20:15:28 <JAA> Dude...
20:16:15 <jamesp> sorry wrong channel
20:17:23 <Jake> I also used totalSizeBytes rather than latestSizeBytes so that might count however many versions exist, most seem to have one version, though. I'll do another run with latest as well.
21:01:13 <VerifiedJ> Looks likes there is a fair bit of duplication. there are ~1K forks(?) of dog-breed-images dataset. A version of that dataset is 700MB.
21:01:41 <VerifiedJ> lists of users, datasets and projects https://verifiedjoseph.com/archiveteam/website-discovery/floydhub.com/
21:07:47 <Jake> beat me to it! :-)
21:08:12 <Jake> total size with just the latest version is 29575463216128 or 29TB.
21:10:04 <Jake> my version: https://transfer.archivete.am/c9djz/dataset_ids as well as all of the JSON from the datasets: https://transfer.archivete.am/TID3N/dataset_full_json
21:24:28 <JAA> There's obviously no good way to detect duplicates just from this, but summing up unique latestSizeBytes over 1 GiB gives 8.2 TiB.
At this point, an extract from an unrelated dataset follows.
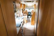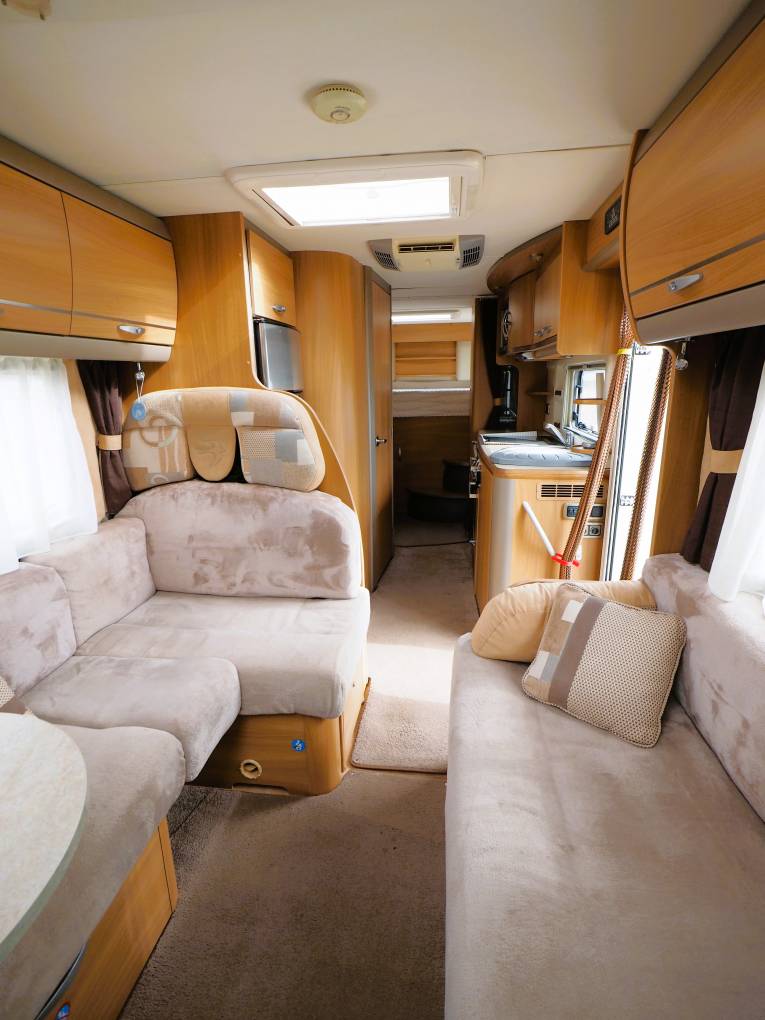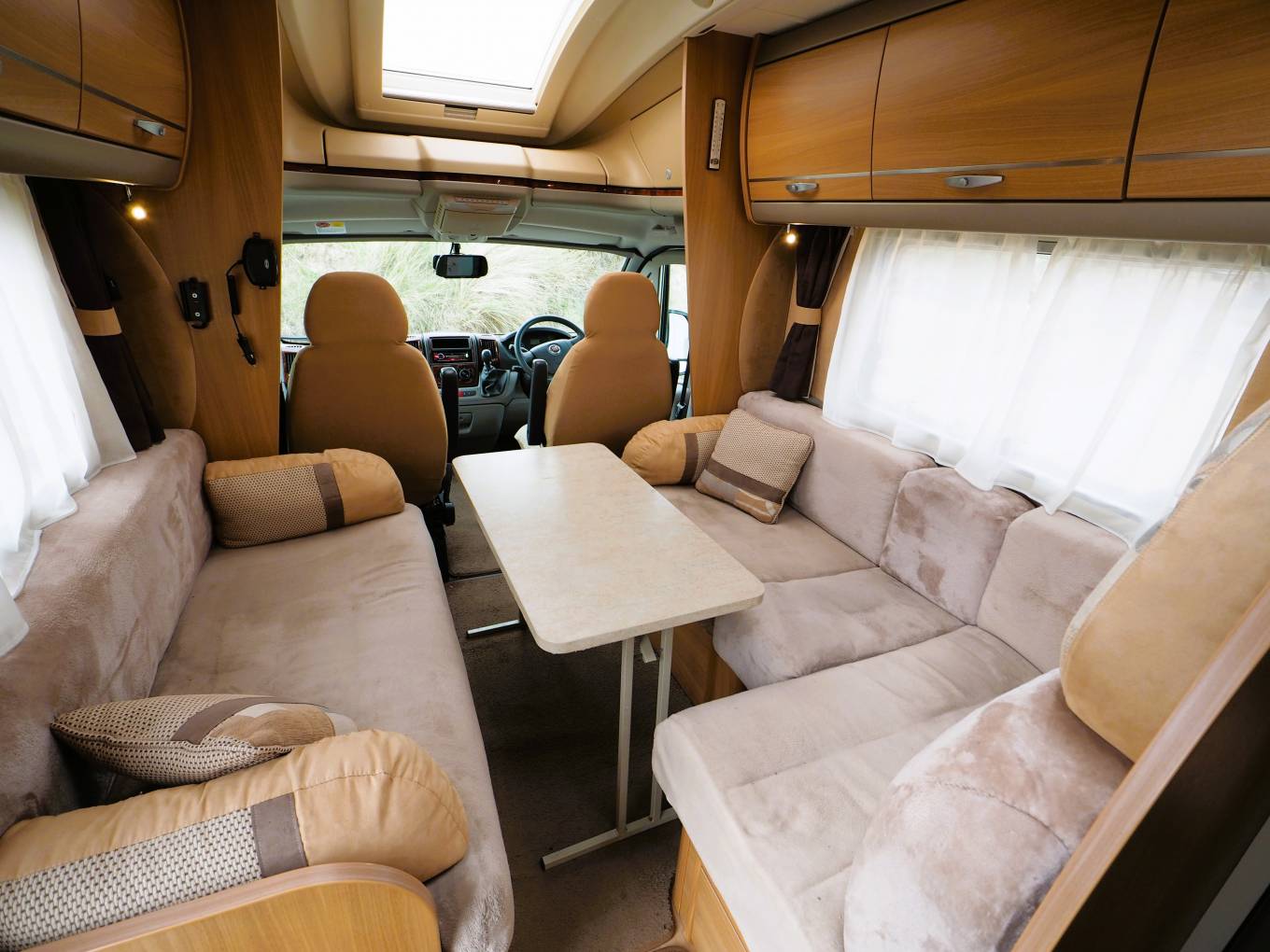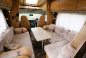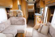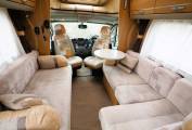 Up front is the comfortable lounge area with sofas to both sides and the addition of the front driver and passenger captains chairs swiveling into the living area to provide additional seating. As well as the aforementioned occasional table that provides space for dining or entertaining, there is an adjustable coffee table on a swinging arm. The cab is fitted with Reimo concertina blinds to shut out the outside world and provide privacy when parked up.

21:25:51 <JAA> Well, all datasets over 1 GiB are 8.5 TiB though, so I guess there's not too much duplication, maybe.
21:29:26 <jamesp> I checked the tracker and I don't see it moving. What's happening
21:30:47 <JAA> jamesp: Still the wrong channel.
21:31:06 <jamesp> oops. I keep forgetting
23:45:55 <WarHawk80> hello can't rsync my warrior anymore
23:46:05 <WarHawk80> im getting this from my client
23:46:24 <JAA> It's being worked on.
23:47:12 <WarHawk80> ah ok...cool...wasn't sure if I borked something up
23:47:25 <WarHawk80> thanks...I'll leave it running then
23:47:26 <WarHawk80> thanks
23:49:06 <WarHawk80> cool looks like it's working now...port changed on the rsync...nice!  Thanks alot!